Background: Many disease conditions including Staphylococcal infections are becoming increasingly difficult to treat in South Africa due to the surge of vancomycin-oxacillin resistant strains. How widespread this phenomenon is in commensal isolates in the Nkonkobe municipality in the Eastern Cape Province of South Africa is not known, and considering the high level of immunocompromised individuals in the province, this study couldn’t have come at a better time.

Objectives: The objective of this study is to evaluate the prevalence of vancomycin and oxacillin co-resistance in methicillin-resistant commensal staphylococci in Nkonkobe municipality, South Africa as part of our larger study on the surveillance of reservoirs of antibiotic resistance in South Africa.

Materials and Methods: Staphylococcus species were isolated from domestic animals of Nkonkobe municipality, in the Eastern Cape Province of South Africa. The isolates were evaluated for antibiotic susceptibility against a panel of several relevant antibiotics.
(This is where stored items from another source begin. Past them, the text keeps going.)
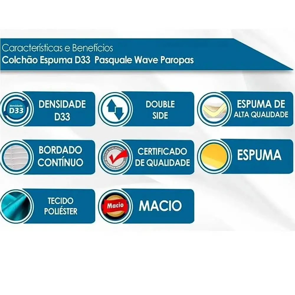 Colchão Casal Pasquale Wave D33 – 17 cm de Altura | 188 x 138 cm – Paropas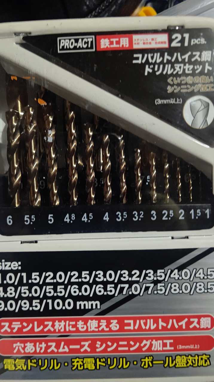 この、2mmの穴開けるために、コーナンプロで一番高いセット買ってきて。。。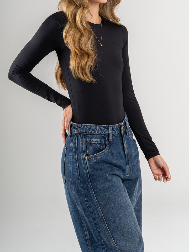 Ref: 0610534 Body stretch, manga larga, cuello redondo, tono negro
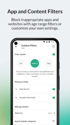 • Proactively manage the time children spend on their phone and restrict app-specific or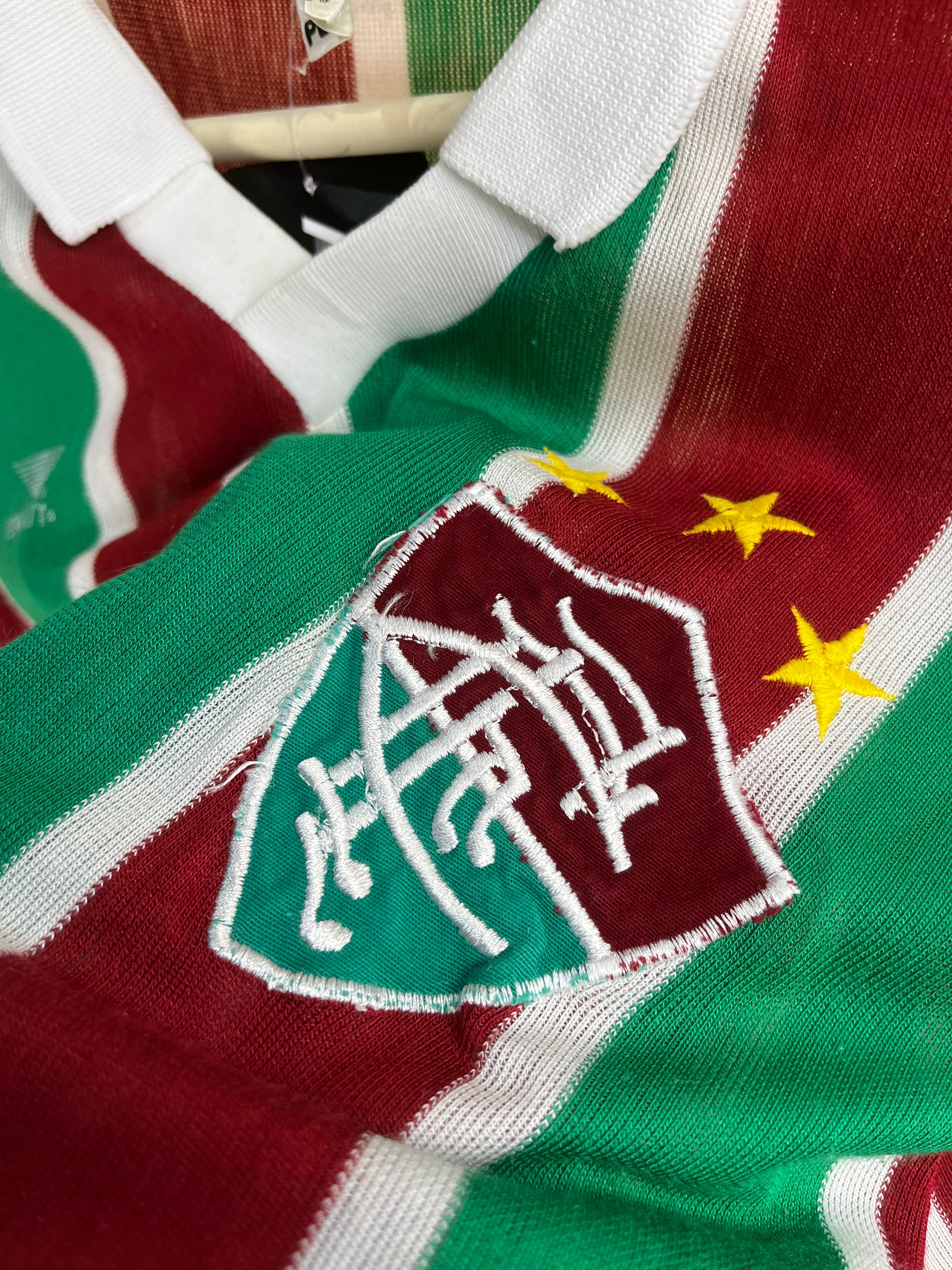 A vintage 1986 'Fluminese' Brazilian football club home jersey manufactured by Penalty, featuring the clubs classic maroon, green, and white vertical stripes with the Fluminese crest and three stars above it. Rare and collectable.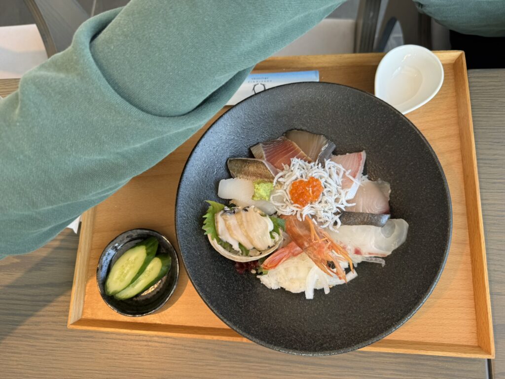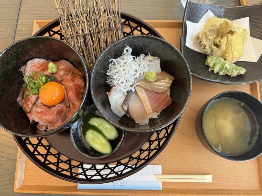 - 大人の贅沢: 私は海鮮丼、妻は淡路牛のローストビーフ丼と海鮮丼がセットになった欲張り定食を堪能。新鮮なお魚や淡路牛をオーシャンビューとともに味わえ、空腹も心も満たされました。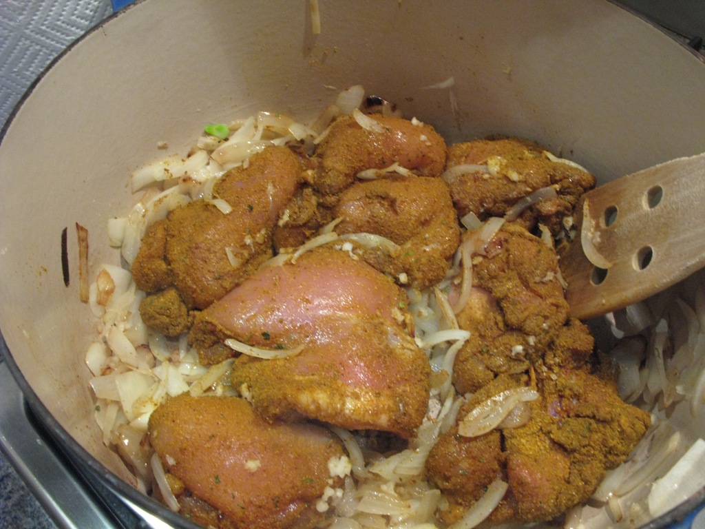 Marinate the chicken thighs with the curry powder and salt for about 30 minutes. Then heat the vegetable oil and fry the diced onion for a few minutes until soft and translucent,. Add the crushed garlic and fry for a minute, before putting in the chicken thighs and frying for 5 minutes until starting to brown.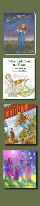 The hour long program introduces books for all ages that include fiddles, fiddling, fiddlers, or traditional tunes that can be played on a fiddle. Several of the tales are set in places where a strong cultural heritage has expressed itself in music, such as Appalachia, Quebec, and Ireland. Other books depict times, such as pioneer days, the Civil War, or the early Industrial Age, when music was used to tell stories or to help lighten heavy loads. The fiddle tunes flow with the tales in the books, bringing the stories to life while the audience is laughing, clapping, and singing along. Following the performance the children are encouraged to peruse the books that were presented, while a question and answer period allows them to satisfy their curiousity about the fiddle, banjo, and guitar.
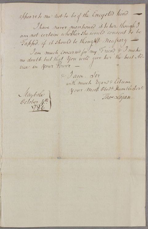 | Summary | Letter from Thomas Logan concerning the case of his cousin, Miss Binning. This letter is neatly written when compared with others by Logan. |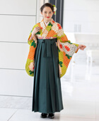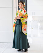 鮮やかな黄緑色が目を引く着物[BBB454]に、緑色の袴[FMI005]の組み合わせ。

Specific primer sets were also used for the polymerase chain reaction assay to detect the presence of mecA gene as well as vanA and vanB genes in the genome of resistant Staphylococcus species.

Results: A total of 120 Staphylococcus isolates were screened, out of which, 32 (26%) were susceptible to both methicillin and vancomycin, while 12 (10%) had co-resistance to the antibiotics, which is still on the high side, both clinically and epidemiologically. Gentamicin (an aminoglycoside) had a relatively high potency against the isolates with 107 (89.17%) of the bacteria being susceptible to it, while 10 (8.33%) were resistant. On the other hand, erythromycin (a macrolide) was active against 72 (60%) of the isolates, while 5 (4.17%) and 74 (61.67%) of them yielded intermediate and resistant responses, respectively. Similarly, 51 (42.5%) of the isolates were susceptible to rifampicin, while 1 (0.83%) and 17 (14.17%) were intermediate and resistant, respectively.

Conclusions: Ten percent of the isolates were positive for mecA gene among the vancomycin-oxacillin resistant strains, while van gene was not detected in any of the isolates. The data obtained would be useful in clinical control of resistant staphylococcal strains.

Keywords

Staphylococcus Antibiotic resistance Vancomycin Oxalocillin

Copyright © 2014, Ahvaz Jundishapur University of Medical Sciences. This is an open-access article distributed under the terms of the Creative Commons Attribution-NonCommercial 4.0 International License (http://creativecommons.org/licenses/by-nc/4.0/) which permits copy and redistribute the material just in noncommercial usages, provided the original work is properly cited.

1. Background

Resistance to antibiotics has become important in clinical control of many diseases and deserves scientific intervention to bring about some control measures. Therefore, the issue of vancomycin-methicillin co-resistance in commensal Staphylococcus species in any locality can be summarily tackled by determining the pathogenic nature of aetiologic agents involved and seeking effective antimicrobial agents against such resistant strains. Most staphylococcal infections are caused by Staphylococcus aureus (1, 2). This bacterium is the cause of a wide range of pathogenic infections, though also a commensal of human skin and nares. S. aureus most commonly causes skin infections such as folliculitis, boils, impetigo and cellulitis, which are limited to a small area on the individual’s skin (2, 3).

According to Mahajan (4), role of S. aureus in pathology in any organ of the body, including the eyes, is not disputed. Furthermore, the acceptance of S. epidermidis as a pathogen in different sites of the human body is gradually growing (5). S. epidermidis has been reported as the second-most common pathogen in bacteriologically proven cases of urinary tract infection, and novobiocin-resistant micrococci have been claimed to have a special predilection for the urinary tract of human beings (6, 7). Such cocci have also been recovered from lesions of the eye, which regressed when appropriate antimicrobial agents were administered (1, 8).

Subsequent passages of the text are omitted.